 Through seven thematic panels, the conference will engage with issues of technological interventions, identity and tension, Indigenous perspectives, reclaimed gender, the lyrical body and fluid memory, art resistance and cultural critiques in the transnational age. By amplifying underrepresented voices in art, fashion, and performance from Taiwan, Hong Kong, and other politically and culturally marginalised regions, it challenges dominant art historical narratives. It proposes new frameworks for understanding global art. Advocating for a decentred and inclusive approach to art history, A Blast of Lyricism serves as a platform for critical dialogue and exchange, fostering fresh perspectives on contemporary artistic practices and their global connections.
* * *
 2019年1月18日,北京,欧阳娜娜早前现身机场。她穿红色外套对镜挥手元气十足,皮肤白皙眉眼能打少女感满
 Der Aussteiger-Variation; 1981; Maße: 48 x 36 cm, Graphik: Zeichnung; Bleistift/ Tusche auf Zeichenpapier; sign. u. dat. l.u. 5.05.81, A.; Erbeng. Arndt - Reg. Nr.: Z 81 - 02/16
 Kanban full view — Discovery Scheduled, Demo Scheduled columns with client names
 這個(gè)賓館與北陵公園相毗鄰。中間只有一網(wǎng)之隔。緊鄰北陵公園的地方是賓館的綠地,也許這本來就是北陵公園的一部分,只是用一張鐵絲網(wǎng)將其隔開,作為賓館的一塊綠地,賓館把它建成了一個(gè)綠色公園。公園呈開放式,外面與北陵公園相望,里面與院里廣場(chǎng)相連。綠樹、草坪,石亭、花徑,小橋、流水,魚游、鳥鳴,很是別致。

- **Prompt**:
Restate word for word the entries above from the line with "2019年1月18日,北京,欧阳娜娜早前" through the line with "這個(gè)賓館與北陵公園相", inclusive, leaving out everything else.

- **Solution to this exercise**:
 2019年1月18日,北京,欧阳娜娜早前现身机场。她穿红色外套对镜挥手元气十足,皮肤白皙眉眼能打少女感满
 Der Aussteiger-Variation; 1981; Maße: 48 x 36 cm, Graphik: Zeichnung; Bleistift/ Tusche auf Zeichenpapier; sign. u. dat. l.u. 5.05.81, A.; Erbeng. Arndt - Reg. Nr.: Z 81 - 02/16
 Kanban full view — Discovery Scheduled, Demo Scheduled columns with client names
 這個(gè)賓館與北陵公園相毗鄰。中間只有一網(wǎng)之隔。緊鄰北陵公園的地方是賓館的綠地,也許這本來就是北陵公園的一部分,只是用一張鐵絲網(wǎng)將其隔開,作為賓館的一塊綠地,賓館把它建成了一個(gè)綠色公園。公園呈開放式,外面與北陵公園相望,里面與院里廣場(chǎng)相連。綠樹、草坪,石亭、花徑,小橋、流水,魚游、鳥鳴,很是別致。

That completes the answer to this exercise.